Usually, we don’t interrupt them when they’re in seclusion like this, but desperate times call for desperate measures. “Interrupt them.” I infuse enough force behind my tone so he knows this is serious, he doesn’t argue at all, which is a good thing because I’d likely give him an ear full when I arrived back at the clubhouse. With him being one of the elders and a founding member I have to cool my jets instead of flipping my lid and reacting with my fist like I would with a younger brother.

“Gotcha. Give me a few to give the guys a heads up then I’ll transfer you over to them,” Kong tells me.

“Thanks, brother.”

“Welcome,” he says before there’s a click on the line letting me know I’ve been put on hold.

A few minutes pass by before I hear Gunner answer, “Powerhouse. What’s up, man?”

“It may be nothing, but–”

“Your gut is telling you something else.” Gun finishes my hanging sentence for me.

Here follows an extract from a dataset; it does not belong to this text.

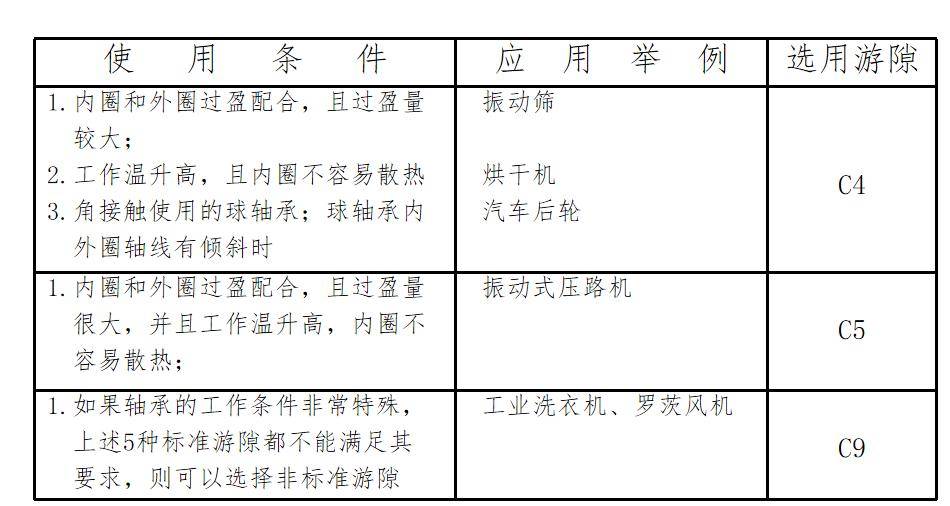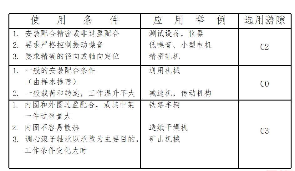 因此当工作条件变化较大,安装配合控制得不严,内圈散热条件差,从安全性考虑,则应保留一定的有效游隙,或以最坏情况来验算有效游隙。如用户没有条件做有效游隙验算时,可以参照下表选择游隙。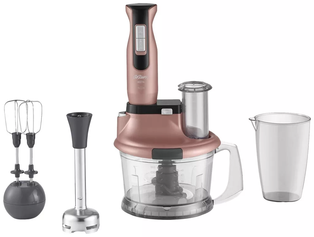 Műszaki adatok: Anyag: Nemesacél, Műanyag · Gyártói szín: Rozé arany · Konyhagép jellemzők: Turbó funkció, Jégtörő funkcióval, Mérőpohárral, Keverőpohárral · Teljesítmény: 1500 W

“Exactly. Listen, I was sitting outside of Aspen’s studio, checking up on the ladies making sure everything is on the up-and-up when I noticed a vehicle moving past at a slow rate scoping out the place. It made the hair on the back of my neck stand up on end. Did what I could to get as much shit as I could so we can hunt the fucker down.”

“Give me a sec to grab some shit so I can write this information down.” I can hear the rollers of his chair and the rustling of paper in the background as he gathers materials. “Tell me what you’ve got, and we’ll get our man on the inside at the transportation office to check into it for us,” Kruger demands. “Ready when you are.”

Recalling every detail I can remember I state, “Black sedan, four doors. One occupant, the driver, small in stature, probably female, didn’t get a close look. License plate XJG 443. It had one of those stickers from a rental car agency. Urban Rentals, I believe. It was their logo brand I saw on the back windshield as it passed by.”

“We’ll get a man to head there now and politely ask for the name of the driver and any information they have on the driver. If they didn’t use a fake, we’ll know who it is in a few hours,” Gunner supplies.

“Do y’all want me to stay here and keep an eye on things?” I ask my pres and VP. Not like I was actually planning to go anywhere, but I figure I should ask.

“Yeah, we take no chances with our women and children. Keep them safe or it’s your head, Powerhouse,” Kruger grunts.

“Will do,” I convey before hanging up the phone. No time for pleasantries, I’ve got to watch over my charges and make sure they return home without a hair out of place.